Exercise data:

============

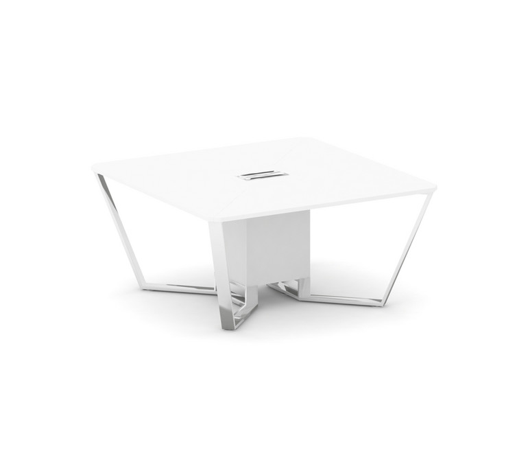 Steel Meet Стол переговорный квадратный MDK-PR.B.SP-08 Белый Бриллиант/Нержавеющая Сталь/Хром 1600*1
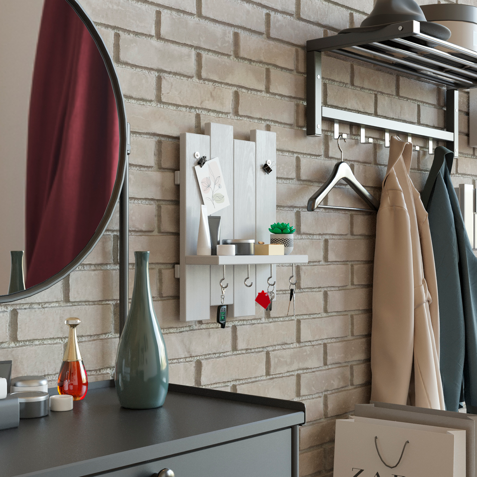Ключница настенная с полкой Sweet Sofa серый цвет
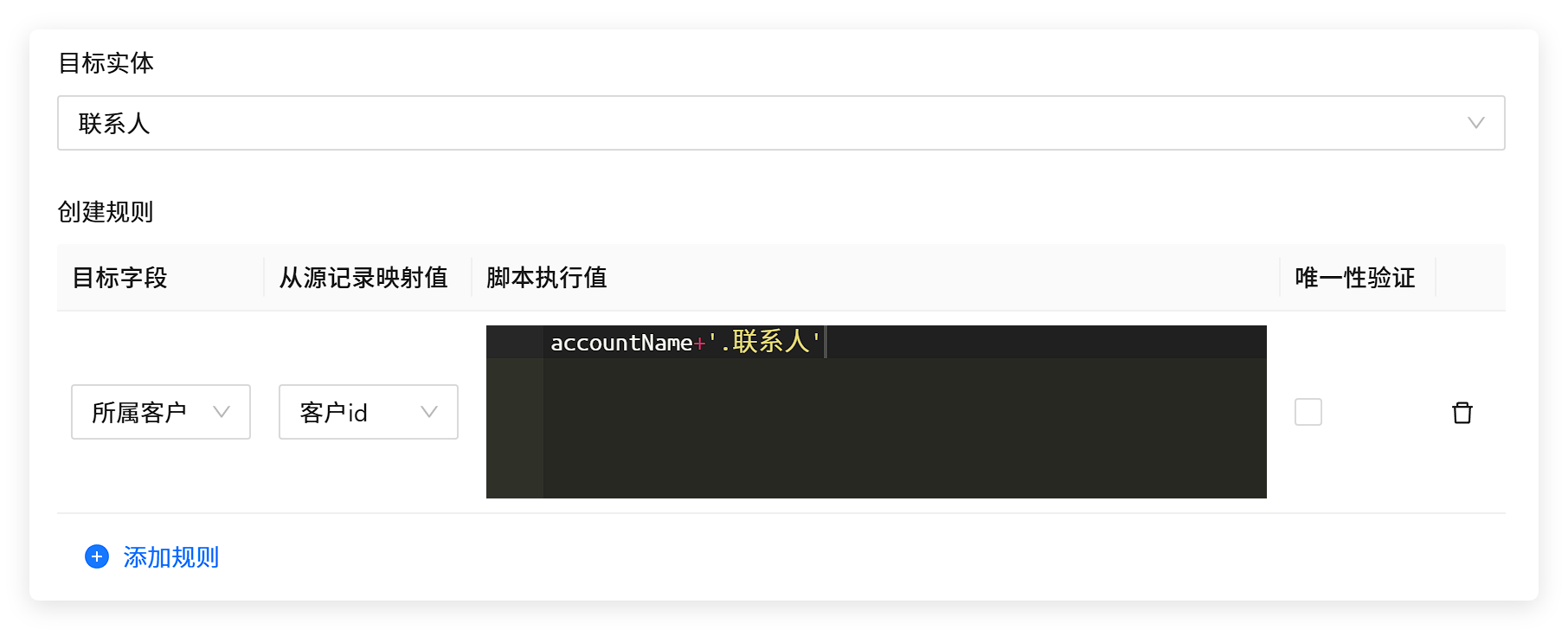 目标实体需要自动创建的记录对应实体创建规则一组记录字段数据回填的规则集合目标字段回填的字段从源记录映射值将会把源记录的值映射到目标字段中脚本执行值将会把脚本执行结果映射到目标字段中,脚本参考后台脚本唯一性验证勾选后,在目标记录按照规则构建完成之后,将会检查目标实体中是否已经存在相同的记录,如果存在则不创建。勾选多个字段,将按照并且的关系来验证
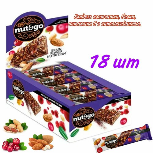 Nut&Go, батончик Миндаль, арахис, клюква, 50 г, 18 шт

============

What is needed: Leave out any pictures and return exactly the lines from the beginning of the data through the line with "Ключница настенная с", inclusive.

Solution:
 Steel Meet Стол переговорный квадратный MDK-PR.B.SP-08 Белый Бриллиант/Нержавеющая Сталь/Хром 1600*1
Ключница настенная с полкой Sweet Sofa серый цвет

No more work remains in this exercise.